The problem describes a stone of mass $m$ tied to a light inextensible thread of length $l$ . A boy moves the free end of the thread in a horizontal circular path of radius $r$ with a constant angular velocity $\omega$ . We need to analyze the motion of the stone under different conditions.

(a) If the experiment is performed in a free space, how will the stone move?

In free space, there is no gravity and no air resistance. The only force acting on the stone is the tension in the thread. The boy's hand moves in a circle of radius $r$ with angular velocity $\omega$ . For the stone to maintain a steady circular motion, it must also move with the same angular velocity $\omega$ around the same center as the boy's hand.

Let the center of the circular path of the boy's hand be the origin. The hand's position vector is $\vec{R}_H$ . The stone's position vector is $\vec{R}_S$ . The length of the thread is $l$ , so $|\vec{R}_S - \vec{R}_H| = l$ .

For the stone to move in a stable circular path of radius $R_S$ around the origin with angular velocity $\omega$ , the tension in the thread must provide the necessary centripetal force. This means the tension force must be directed towards the center of the stone's circular path (the origin).

The tension force acts along the thread, from the stone towards the hand. For the tension to be directed towards the origin, the hand, the stone, and the origin must be collinear. This implies two possible configurations:

The stone is between the origin and the hand (Origin --- Stone --- Hand). In this case, $R_S = r - l$ . This is only possible if $r > l$ .
The hand is between the origin and the stone (Origin --- Hand --- Stone). In this case, $R_S = r + l$ .

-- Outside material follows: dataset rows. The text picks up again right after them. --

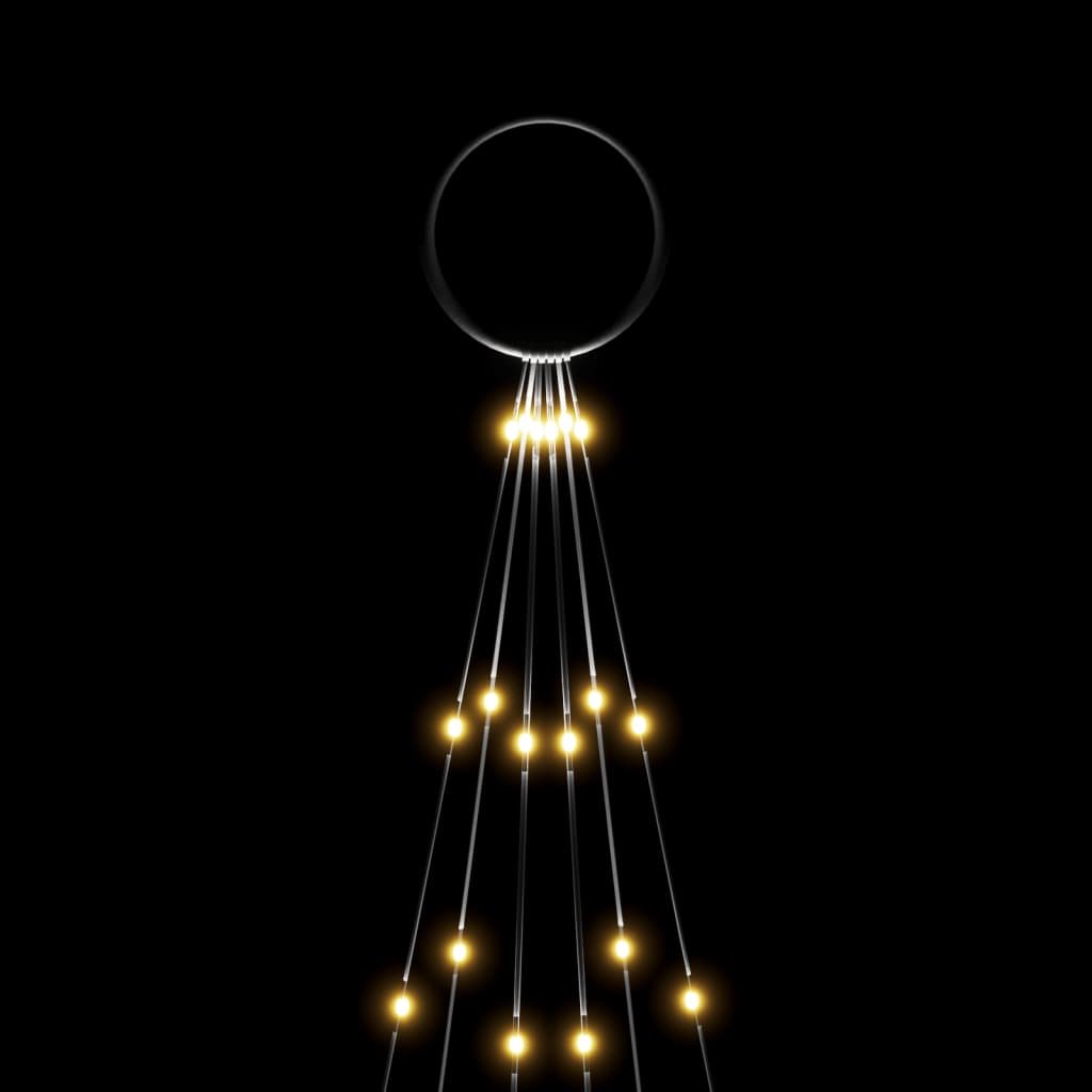 Transforma un mástil en un bonito árbol de Navidad iluminado durante las fiestas. ¡Este árbol de Navidad es tan fácil de instalar como izar una bandera en un asta! Árbol LED por toda la superficie: Este árbol de Navidad con LED por toda la superficie, con una altura de 180 cm y un diámetro de 70 cm, está equipado con 108 LED de color blanco cálido y de bajo consumo con una distribución recta.Diferentes efectos de iluminación: La luz del árbol de Navidad cuenta con 8 efectos de iluminación diferentes: una combinación de todos los efectos, brillo lento, parpadeo / intermitente, en onda, persiguiendo / agua corriendo, secuencial, encendido constante y desvanecimiento lento.Diseño compacto: Gracias al innovador diseño de este árbol, la decoración navideña puede guardarse de forma muy compacta y sacarse para usarla en las próximas fiestas. Fácil de montar: El montaje es sencillo y lleva un máximo de 25 minutos. Gracias al ingenioso diseño, puedes izar el árbol de Navidad con LED en el asta de forma fácil y rápida. Nota:Si utilizas el producto en el exterior, asegúrate de que la conexión USB está enchufada en un entorno seco.Este árbol de Navidad iluminado se entrega sin mástil.El producto tiene un conector USB, pero no se incluye la fuente de alimentación USB de 5 V certificada.Cada producto viene con un manual de montaje en la caja para facilitar el montaje.
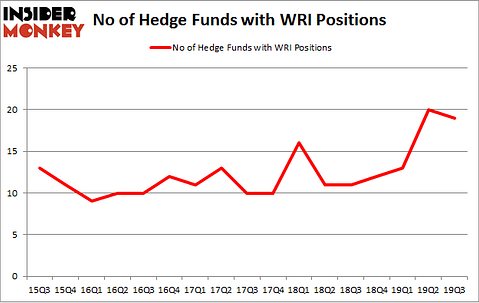 At the end of the third quarter, a total of 19 of the hedge funds tracked by Insider Monkey were bullish on this stock, a change of -5% from the previous quarter. The graph below displays the number of hedge funds with bullish position in WRI over the last 17 quarters. So, let’s examine which hedge funds were among the top holders of the stock and which hedge funds were making big moves.
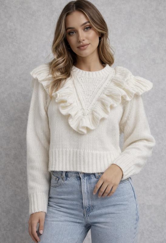 Молочний в'язаний светр In The Style з акцентними рюшами. * Модель укорочена, вільного крою * Обʼємні рюші по плечах і грудях у V-формі * Довгі рукави з манжетами * Щільна, мʼяка вʼязка #| Колір - айворі / молочний
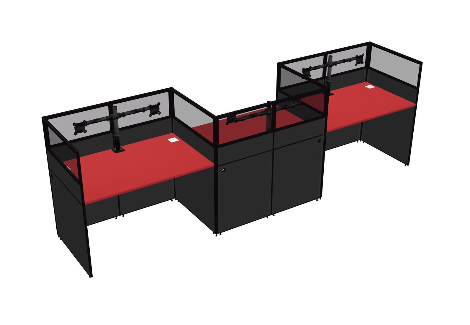 Prism Red Rectangular Cubicle Workstations For 3 - Zigzag Formation
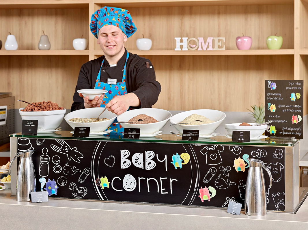 detská postieľka: zdarma (len na požiadanie v CK; možná len v izbe Standard 2+1 balkón M; max. 1 nad rámec plnej obsaditeľnosti izby; pre dieťa do nedovŕšených 2 rokov)
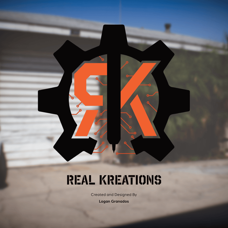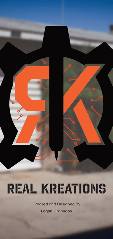 Real Kreations had a few simple requests for a logo redesign. One of which was to keep the gear symbol as its the logo for 3D Printing Open Source which many 3D Printing Companies and 3D Modelists may recognize. Another goal was to not strive too far from their original branding so their clientele may still recognize them when searching for them.
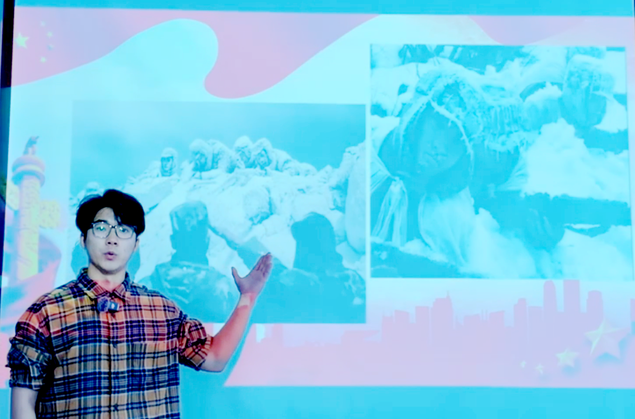 视频中,同学们全程使用标准普通话朗诵,吐字清晰精准,语气语调抑扬顿挫,声音节奏张弛有度,不仅精准传递了经典文本的内涵,更以真挚情感打动人心,展现出良好的语言素养。此外,参赛团队还融合背景音乐与场景设计,让朗诵作品更富感染力,在字里行间激发了学生的爱国情怀与民族自豪感,实现了“以声传情、以情育人”的效果,有效陶冶了学生的人文情操。
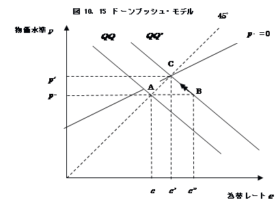 最終的には、dp/ dt=0となる均衡点に収束する。dp/ dt=0を偏差p-p⁻、y-y⁻、e-e⁻で表す。
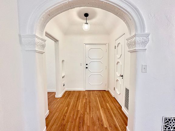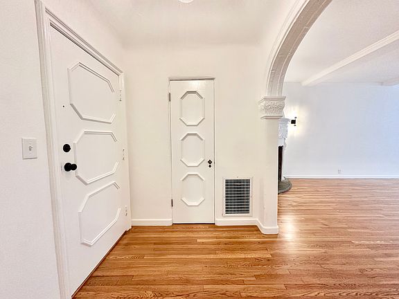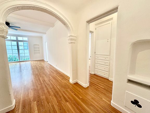 Listed in the National Register of Historic Places, West Hollywood's Harper House was designed by renowned architect Leland Bryant in 1929. This elegant Spanish-style courtyard complex currently has a large, must-see 2nd-floor one-bedroom, one-bathroom unit available. Gorgeous one-bedroom unit with beautiful vintage details. The entry features a spacious foyer with a coat closet, leading into a grand main living room with an ornate decorative fireplace, arched details, crown molding, and French windows. Hardwood flooring runs throughout the living room, hallway, and bedroom. The separate kitchen is bright and inviting, featuring classic black-and-white checkerboard flooring, new quartz countertops, stainless steel appliances, and ample cabinet space. Large windows fill the space with natural light and overlook lush greenery. Just off the kitchen is a cozy breakfast nook, perfect for a small table or coffee corner. The hallway offers built-in storage cabinets and drawers, leading to the bathroom, which has vintage charm with hex-tile flooring, a pedestal sink, a separate tub and shower, and two bright windows. The bedroom is spacious and serene, featuring modern wall sconces, a large window with leafy views, and a closet with built-in drawers and mirrored door. Enjoy the beautiful central courtyard with a peaceful pond and lush landscaping, capturing the timeless character of this historic property. Attached garage parking for ONE (1) car ONLY. Laundry on site. Elevator Access. Well behaved small pet okay, restrictions apply. Fabulous WeHo location! Walk to grocery stores, restaurants, shops, gyms and fitness studios, entertainment, bars and clubs! Professionally managed by Crescent Management. This property is shown by appointment only. To schedule a viewing, please text/call Ari with Crescent Management between 9 am and 5 pm. One year initial lease term; month-to-month following initial one-year term. Tenant responsible for Gas, Electricity, Cable/Internet/Phone. No Smoking. One (1) assigned parking space included in monthly rent

Assuming the string is taut and the stone is pulled by the hand, the second configuration ( $R_S = r+l$ ) is the most natural.

Thus, the stone will move in a horizontal circular path of radius $r+l$ (or $|r-l|$ in general, but $r+l$ is more common for taut strings) with a constant angular velocity $\omega$ , centered at the same point as the circular path of the boy's hand.

(b) In free space conditions, determine the tensile force developed in the thread in terms of $r$ , $\omega$ , $l$ and $m$ .

As established in part (a), the stone performs uniform circular motion with radius $R_S = r+l$ and angular velocity $\omega$ . The centripetal force required for this motion is provided by the tension $T$ in the thread.

The centripetal force is given by $F_c = m R_S \omega^2$ .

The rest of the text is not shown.